Selain dari baju yang dipakai sehari-hari, sumber polusi mikroplastik jenis polister bisa berasal dari industri tekstil. “Seperti sablon, pasti ada yang terkikis serat kainnya setelah disablon dan diangin-angin, dijemur, itu bisa lepas [serat kainnya],” ujar Anna.
Namun, perlu penelitian lebih lanjut untuk memastikannya. Menurut Reza, berdasarkan sejumlah riset yang telah ada, industri tekstil menyumbang polusi mikroplastik ke air melalui pembuangan limbahnya, bukan ke udara.
Ilustrasi kain polister. Foto: Shutter Stock
Dominasi mikroplastik berjenis polister di udara juga ditemukan di 39 kota di China, negara bagian Victoria di Australia, Madrid, Meksiko, dan Paris. Ini juga tak lepas dari budaya fesyen di sebagian tempat tersebut karena masyarakatnya gemar berganti-ganti pakaian.
“Kalau di negara maju, mikroplastik banyak yang fiber karena gaya hidup, fashion culture,” kata Reza.
Sumber polusi mikroplastik lainnya berasal dari abrasi ban mobil maupun motor. Ini diketahui dari polimer jenis polybutadine yang jumlahnya mencapai 15,16% pada penelitian tersebut. Terlebih, lokasi sampel berada dekat dengan Tol Lingkar Dalam Jakarta.
Sementara mikroplastik berjenis polistirena sebesar 3% berasal dari sampah wadah makanan (styrofoam).
Juru Bicara Dinas Lingkungan Hidup DKI Jakarta, Yogi Ikhwan, mengatakan temuan soal mikroplastik di udara ini merupakan fakta baru yang akan dipelajari. “Kami baru tahu sekarang, setelah ada [penelitian di] jurnal ini.”
Pemprov DKI hingga kini terus berupaya menekan penggunaan plastik, misalnya dengan melarang penggunaan kantong plastik sekali pakai di pusat perbelanjaan, baik pasar rakyat maupun minimarket.

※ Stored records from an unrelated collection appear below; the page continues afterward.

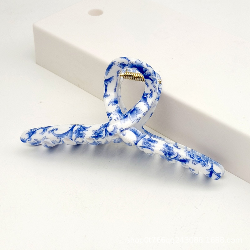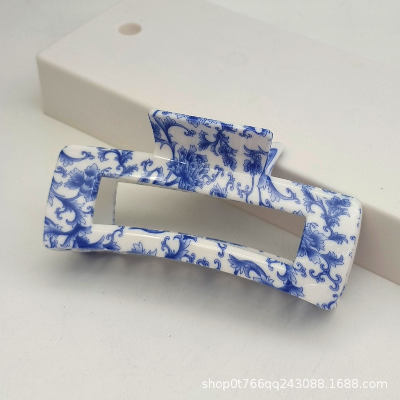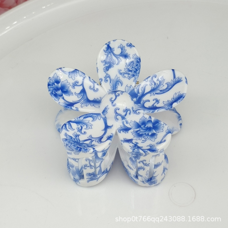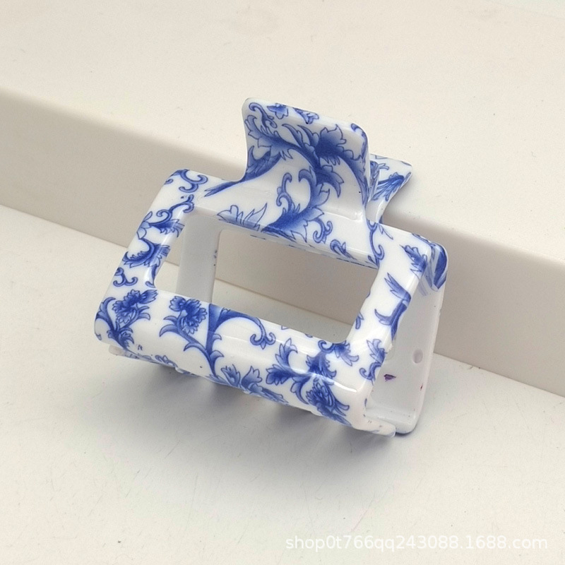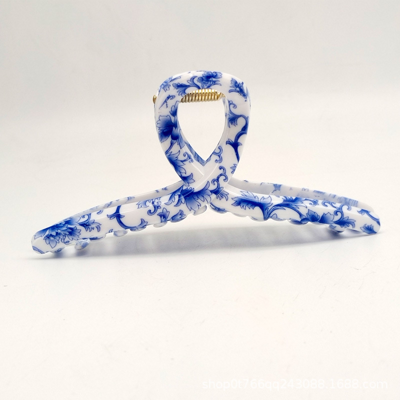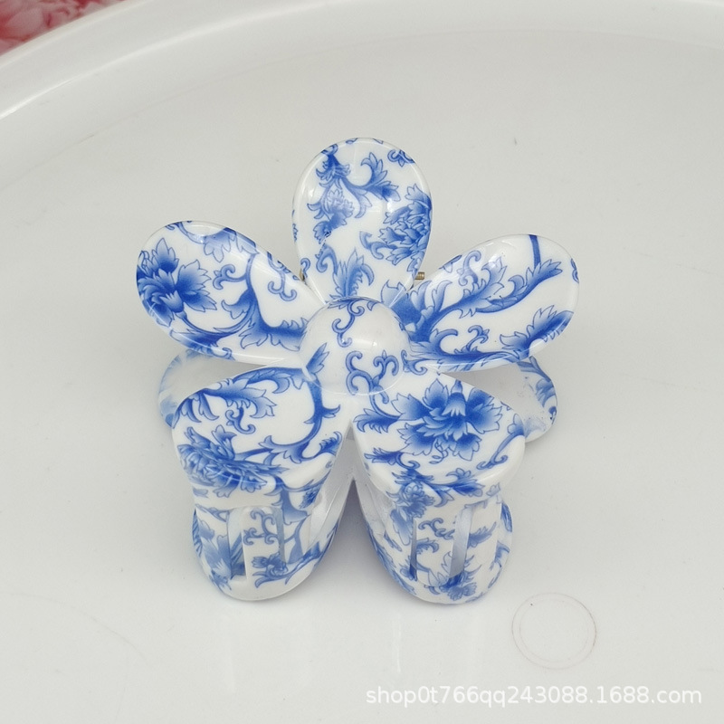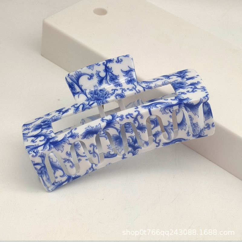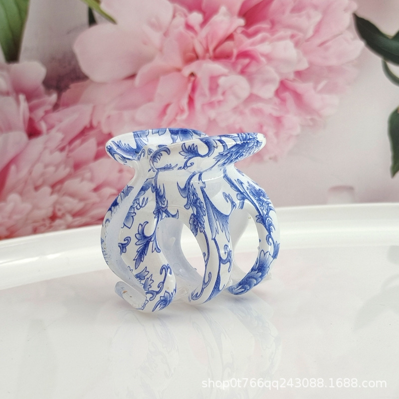 青花瓷抓夹印花塑料头饰欧美东南亚跨境外贸水转印抓夹Hairclaw
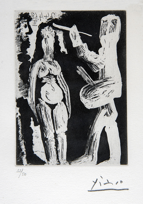 PABLO PICASSO, Atelier dell’artista, 1968, Acquatinta, n. esemplare 32/50, 12 x 8,7 cm (la lastra); 31,5 x 24,5 cm circa, Firma in basso a destra: Picasso Numero d’esemplare in basso a sinistra Data in alto a sinistra: 24.4.68 II Etichette al retro della Galleria Il Segno di Roma e della Galleria Landi
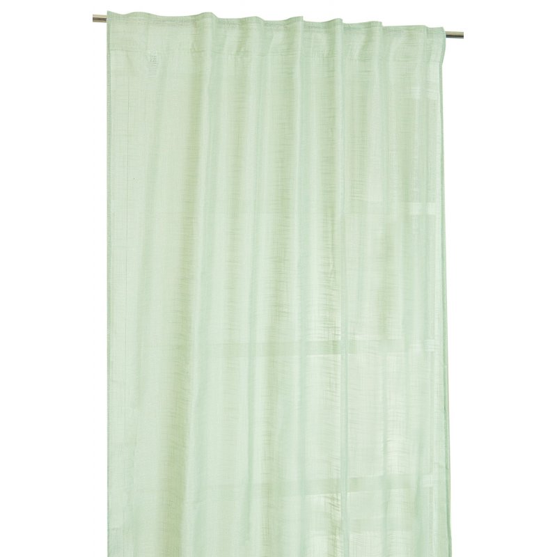 Rideau tamisant à galon fronceur et pattes cachées grande hauteur effet lin uni vert d'eau. Un rideau d'une couleur raffinée pour fenêtres de très grande hauteur.

Ilustrasi mikroplastik di pantai. Foto: Shutter Stock

Seberapa banyak polusi mikroplastik di udara Jakarta?

Dibandingkan penelitian di tempat lain, temuan mikroplastik di udara Jakarta (3–40 partikel per meter persegi per hari) masih tergolong rendah. Di Surabaya, misalnya, mikroplastik di udaranya mencapai 110–1,771 partikel per meter persegi per hari. Sementara di Paris 110 partikel per meter persegi per hari, di Dongguan 36 partikel per meter persegi per hari, di Hamburg 275 partikel per meter persegi per hari, dan di London 771 per meter persegi per hari.
Walau demikian, jumlah yang lebih rendah di Jakarta bukan berarti bisa diabaikan, sebab hasil penelitian dipengaruhi oleh lokasi dan ketinggian tempat, serta kepadatan penduduk di wilayah itu.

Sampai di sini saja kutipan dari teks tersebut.